Pictures must not appear in the copy. Restate exactly the lines below from the one with "Christmas Wrapping Paper" through the one with "The P/L Graph", inclusive.

*** Opening Records provided ***

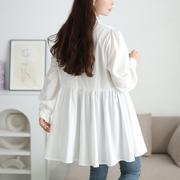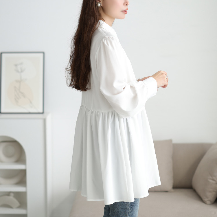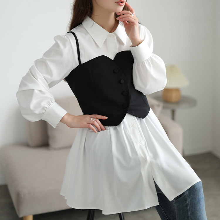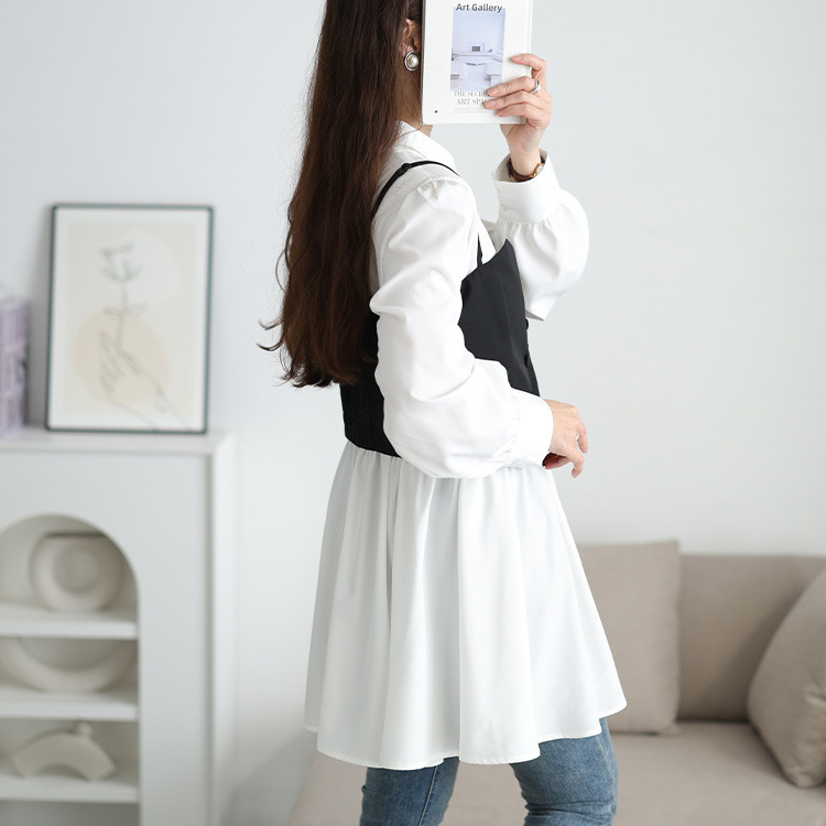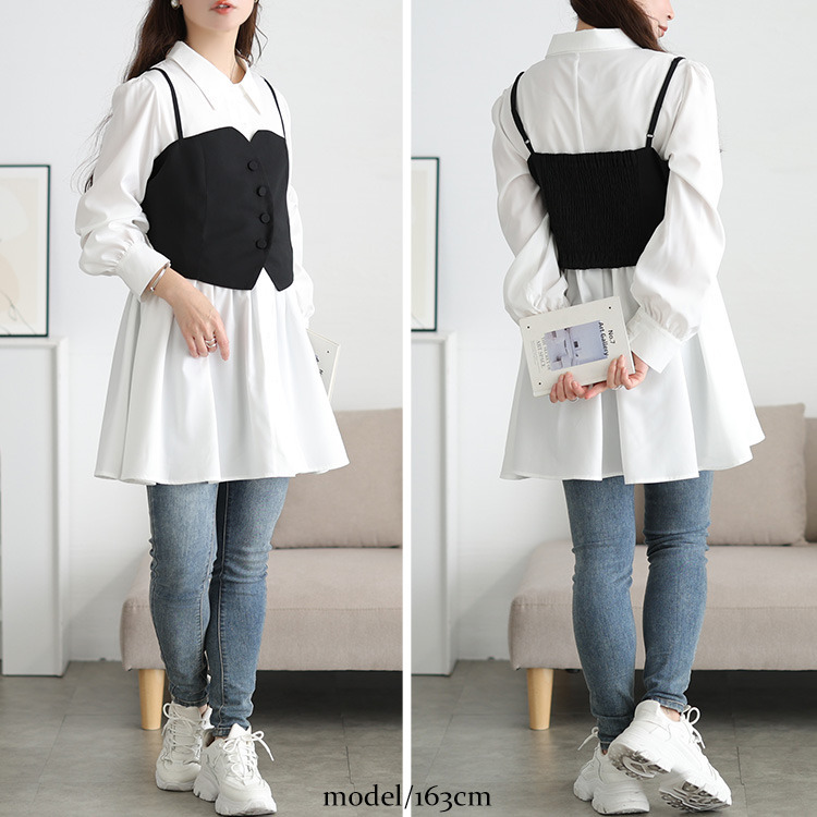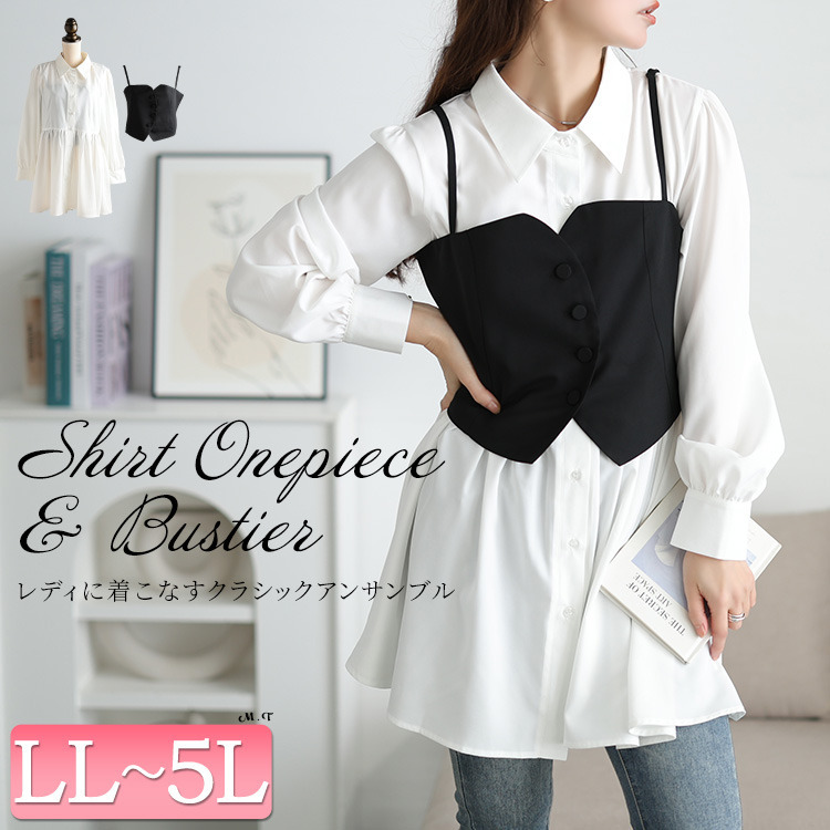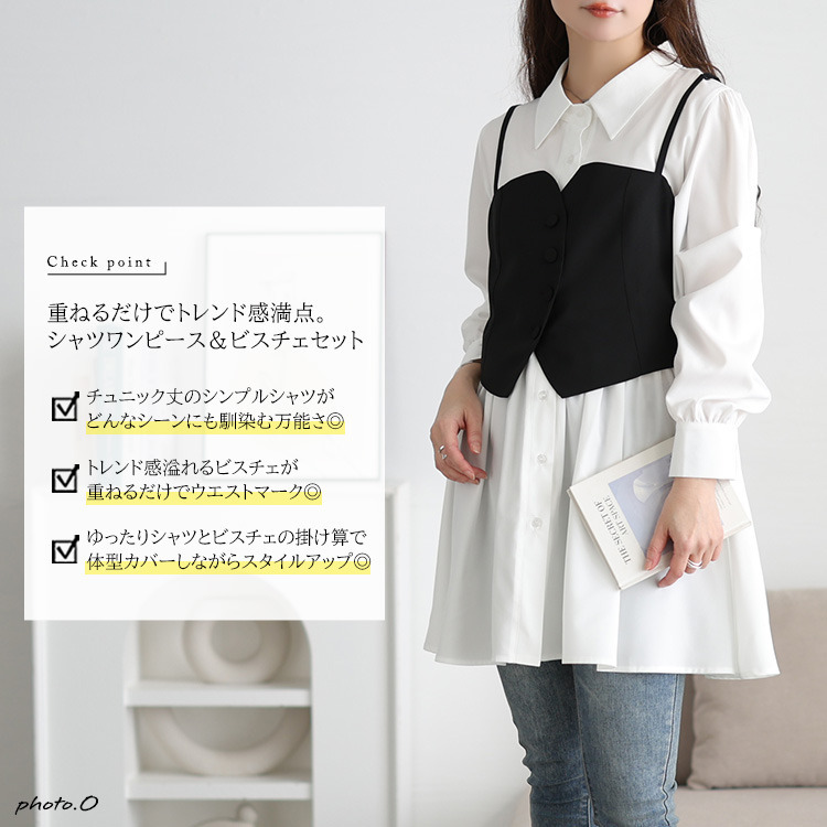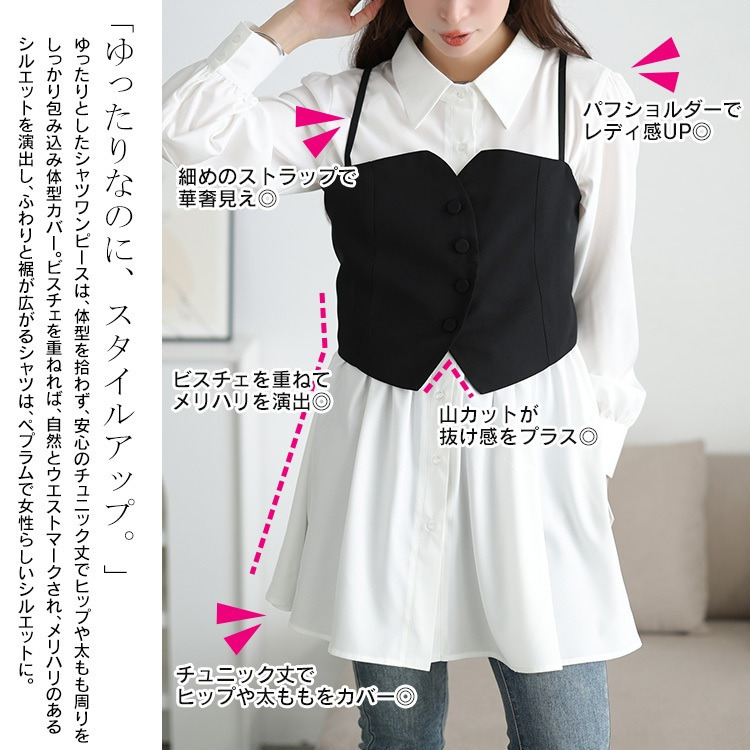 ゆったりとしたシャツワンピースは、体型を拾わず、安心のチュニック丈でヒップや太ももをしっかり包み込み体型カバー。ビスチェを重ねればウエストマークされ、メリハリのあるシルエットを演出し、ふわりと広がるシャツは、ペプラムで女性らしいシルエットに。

*** Closing Records provided ***
*** Opening Records provided ***

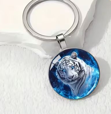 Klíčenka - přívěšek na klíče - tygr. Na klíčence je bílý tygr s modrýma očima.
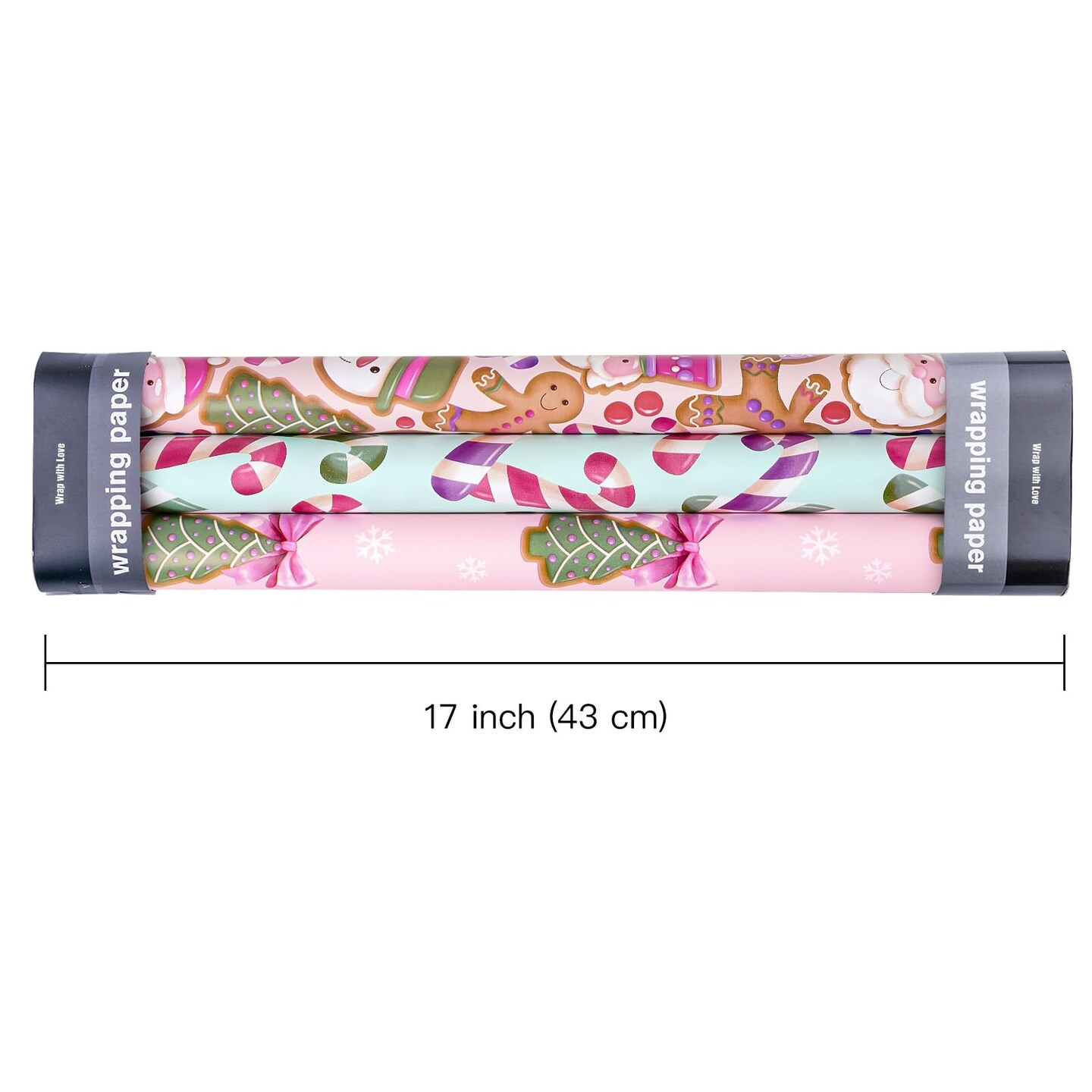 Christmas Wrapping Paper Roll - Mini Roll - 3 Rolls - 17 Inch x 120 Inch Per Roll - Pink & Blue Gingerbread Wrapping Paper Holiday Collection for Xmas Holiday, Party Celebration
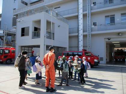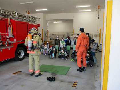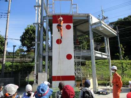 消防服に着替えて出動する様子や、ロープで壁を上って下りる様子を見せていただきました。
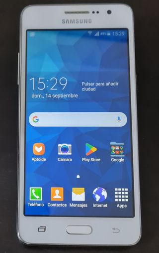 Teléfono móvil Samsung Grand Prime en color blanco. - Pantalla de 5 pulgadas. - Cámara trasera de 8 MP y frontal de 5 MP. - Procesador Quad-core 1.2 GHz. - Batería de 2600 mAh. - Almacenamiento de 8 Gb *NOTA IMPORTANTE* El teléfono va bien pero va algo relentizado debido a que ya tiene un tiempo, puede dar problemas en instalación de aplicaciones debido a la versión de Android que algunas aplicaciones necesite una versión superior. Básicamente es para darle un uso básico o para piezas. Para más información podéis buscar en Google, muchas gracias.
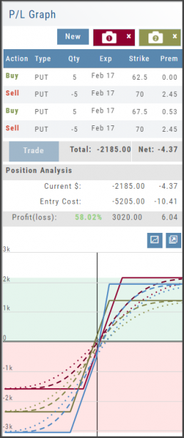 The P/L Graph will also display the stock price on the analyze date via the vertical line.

*** Closing Records provided ***
*** Opening Records provided ***

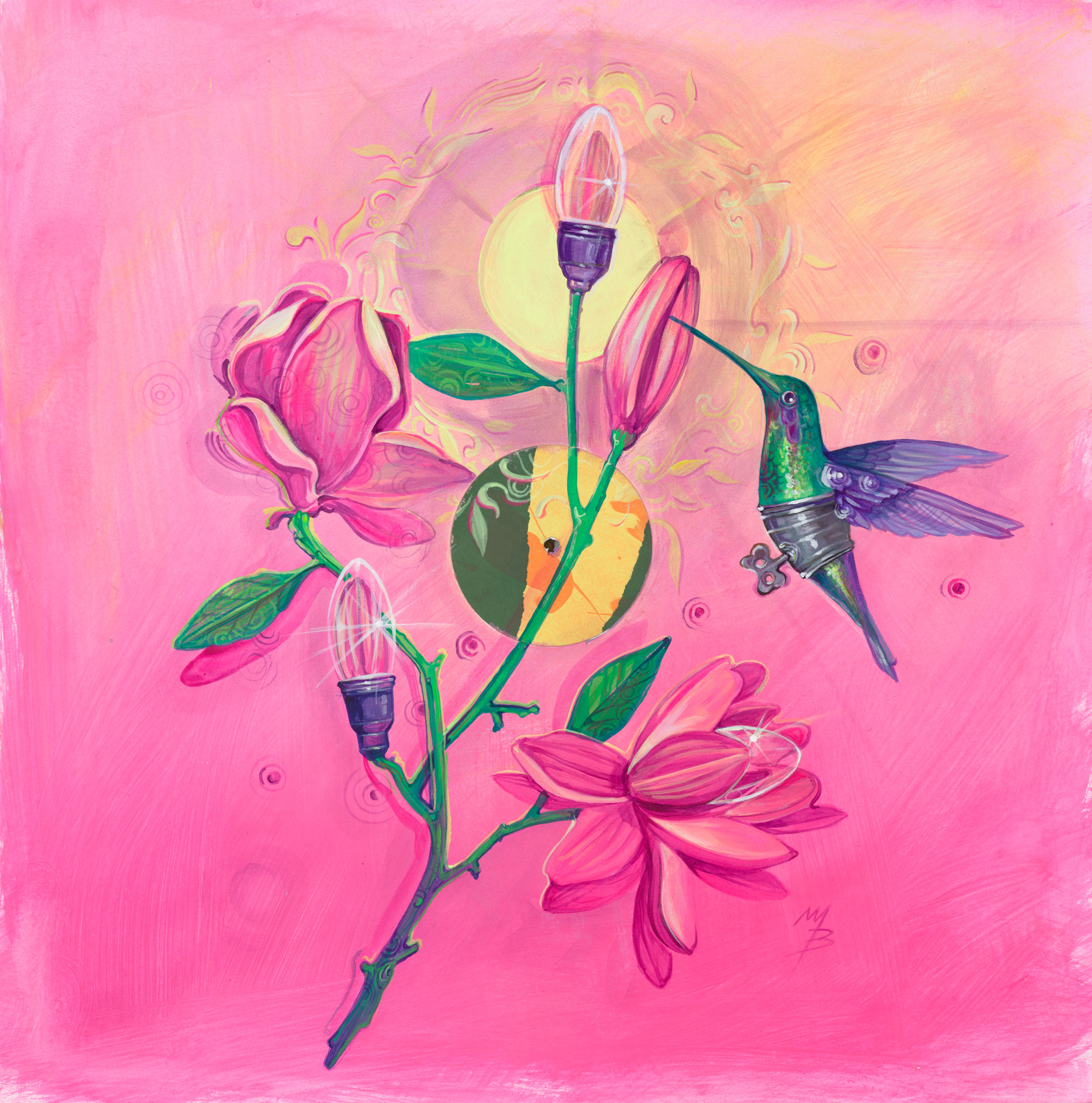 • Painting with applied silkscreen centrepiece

*** Closing Records provided ***

== Exercise response ==
 Christmas Wrapping Paper Roll - Mini Roll - 3 Rolls - 17 Inch x 120 Inch Per Roll - Pink & Blue Gingerbread Wrapping Paper Holiday Collection for Xmas Holiday, Party Celebration
 消防服に着替えて出動する様子や、ロープで壁を上って下りる様子を見せていただきました。
 Teléfono móvil Samsung Grand Prime en color blanco. - Pantalla de 5 pulgadas. - Cámara trasera de 8 MP y frontal de 5 MP. - Procesador Quad-core 1.2 GHz. - Batería de 2600 mAh. - Almacenamiento de 8 Gb *NOTA IMPORTANTE* El teléfono va bien pero va algo relentizado debido a que ya tiene un tiempo, puede dar problemas en instalación de aplicaciones debido a la versión de Android que algunas aplicaciones necesite una versión superior. Básicamente es para darle un uso básico o para piezas. Para más información podéis buscar en Google, muchas gracias.
 The P/L Graph will also display the stock price on the analyze date via the vertical line.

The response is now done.